### SOURCE DATA
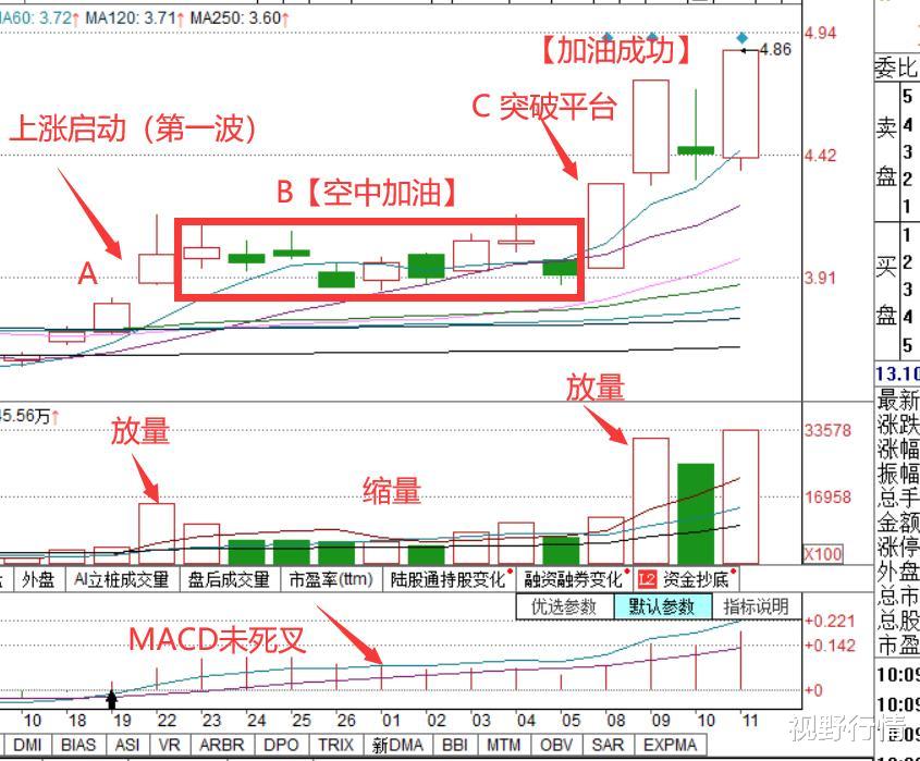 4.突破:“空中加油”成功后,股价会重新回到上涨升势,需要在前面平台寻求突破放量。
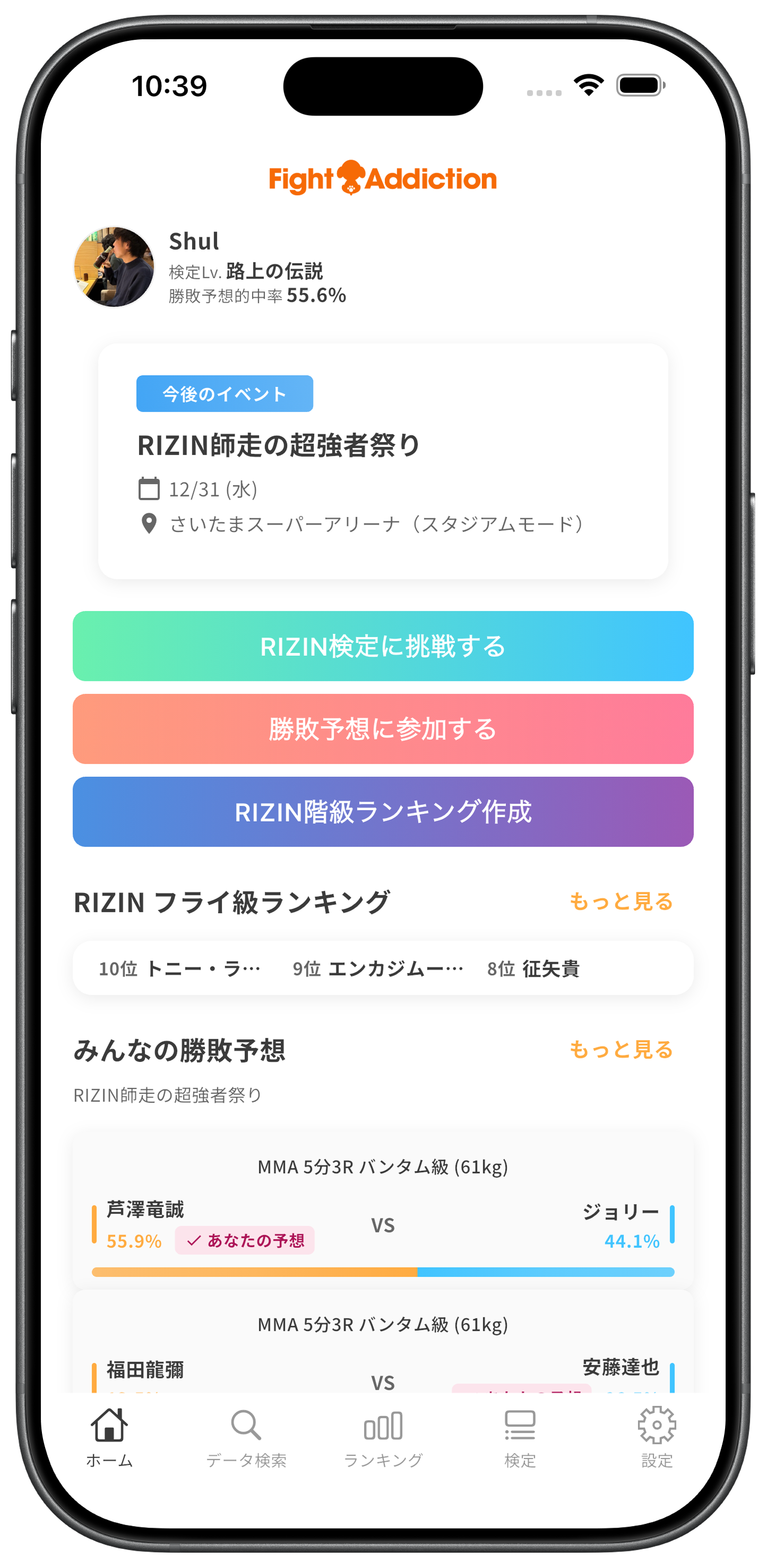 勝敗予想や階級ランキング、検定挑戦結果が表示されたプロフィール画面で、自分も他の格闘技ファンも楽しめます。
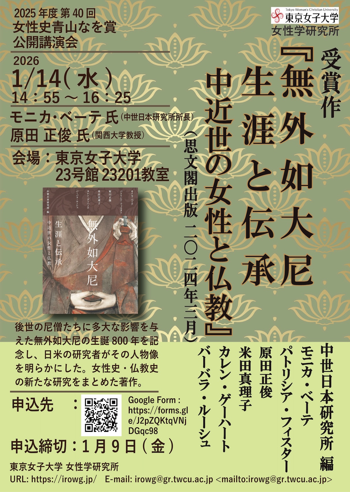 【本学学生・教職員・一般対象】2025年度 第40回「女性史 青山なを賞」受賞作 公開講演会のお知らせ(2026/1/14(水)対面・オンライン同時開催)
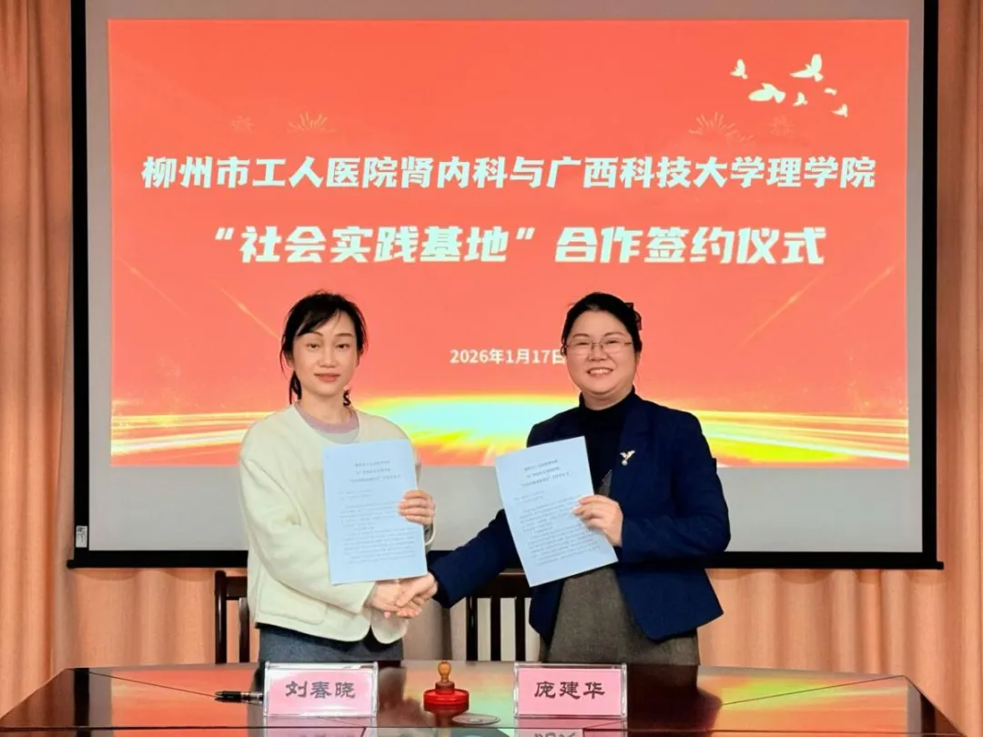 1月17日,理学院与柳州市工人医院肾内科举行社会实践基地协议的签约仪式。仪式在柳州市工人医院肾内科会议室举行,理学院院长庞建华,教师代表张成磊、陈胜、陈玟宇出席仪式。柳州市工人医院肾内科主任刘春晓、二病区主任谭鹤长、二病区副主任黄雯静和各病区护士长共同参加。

### ABOUT THIS TASK
Only the pictures are to be left out; copy all the remaining material above exactly.

### SOLUTION FOR THIS EXERCISE
 4.突破:“空中加油”成功后,股价会重新回到上涨升势,需要在前面平台寻求突破放量。
 勝敗予想や階級ランキング、検定挑戦結果が表示されたプロフィール画面で、自分も他の格闘技ファンも楽しめます。
 【本学学生・教職員・一般対象】2025年度 第40回「女性史 青山なを賞」受賞作 公開講演会のお知らせ(2026/1/14(水)対面・オンライン同時開催)
 1月17日,理学院与柳州市工人医院肾内科举行社会实践基地协议的签约仪式。仪式在柳州市工人医院肾内科会议室举行,理学院院长庞建华,教师代表张成磊、陈胜、陈玟宇出席仪式。柳州市工人医院肾内科主任刘春晓、二病区主任谭鹤长、二病区副主任黄雯静和各病区护士长共同参加。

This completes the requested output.